-------- Data below --------
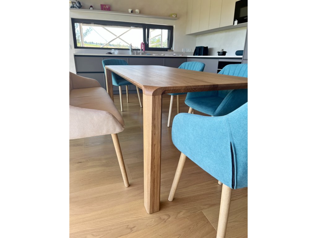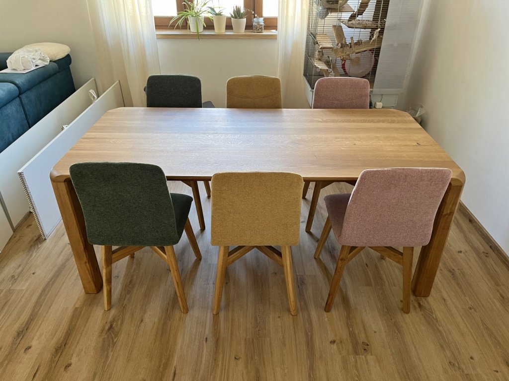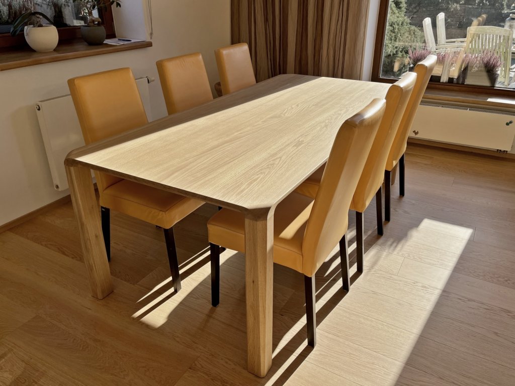 Desku stolu vyrábíme ze 40 mm silného masivního dubového/jasanového dřeva. Dub i jasan jsou velmi odolné dřeviny s nenahraditelnou přirozenou strukturou a je tím nejlepším, co můžete doma mít. Při správném zacházení vám naše masivní deska vydrží celý život. Pro zvýraznění struktury dřeva doporučujeme zvolit kartáčovanou úpravu povrchu, která desce dodá na dotek velmi příjemný "plastický" povrch. Desky jsou natřeny dvěma vrstvami tvrdého voskového oleje OSMO, který dřevo výborně chrání proti běžnému poškození a nechává dřevo přirozeně dýchat.
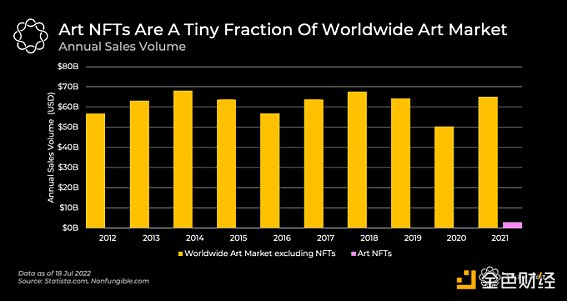 生成艺术 NFT 有很大的发展空间。2021 年的艺术 NFT (生成+数码艺术作品)销售额仅有 28 亿美元,仅占全球艺术品销量 650 亿美元的4.3%。不难想象,随着时间的推移,艺术 NFT 在整个艺术品市场将占据更大的份额。
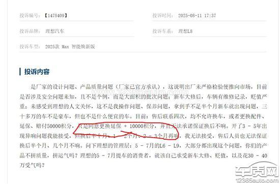 理想L8低速行驶踩刹车时有刺耳异响,该问题于7月中上旬出现,起初异响声音较小,如今越来越大。理想客服一直声称延保政策出来后都无积分补偿,但从投诉车友反馈以及其他异响维权人反映的情况来看,还是有积分补偿的,这种看人下菜的做法属实令人恶心。
--------
◆ Assignment
Word for word, return the listing above; the pictures do not belong in the copy.

◆ Answer box
 Desku stolu vyrábíme ze 40 mm silného masivního dubového/jasanového dřeva. Dub i jasan jsou velmi odolné dřeviny s nenahraditelnou přirozenou strukturou a je tím nejlepším, co můžete doma mít. Při správném zacházení vám naše masivní deska vydrží celý život. Pro zvýraznění struktury dřeva doporučujeme zvolit kartáčovanou úpravu povrchu, která desce dodá na dotek velmi příjemný "plastický" povrch. Desky jsou natřeny dvěma vrstvami tvrdého voskového oleje OSMO, který dřevo výborně chrání proti běžnému poškození a nechává dřevo přirozeně dýchat.
 生成艺术 NFT 有很大的发展空间。2021 年的艺术 NFT (生成+数码艺术作品)销售额仅有 28 亿美元,仅占全球艺术品销量 650 亿美元的4.3%。不难想象,随着时间的推移,艺术 NFT 在整个艺术品市场将占据更大的份额。
 理想L8低速行驶踩刹车时有刺耳异响,该问题于7月中上旬出现,起初异响声音较小,如今越来越大。理想客服一直声称延保政策出来后都无积分补偿,但从投诉车友反馈以及其他异响维权人反映的情况来看,还是有积分补偿的,这种看人下菜的做法属实令人恶心。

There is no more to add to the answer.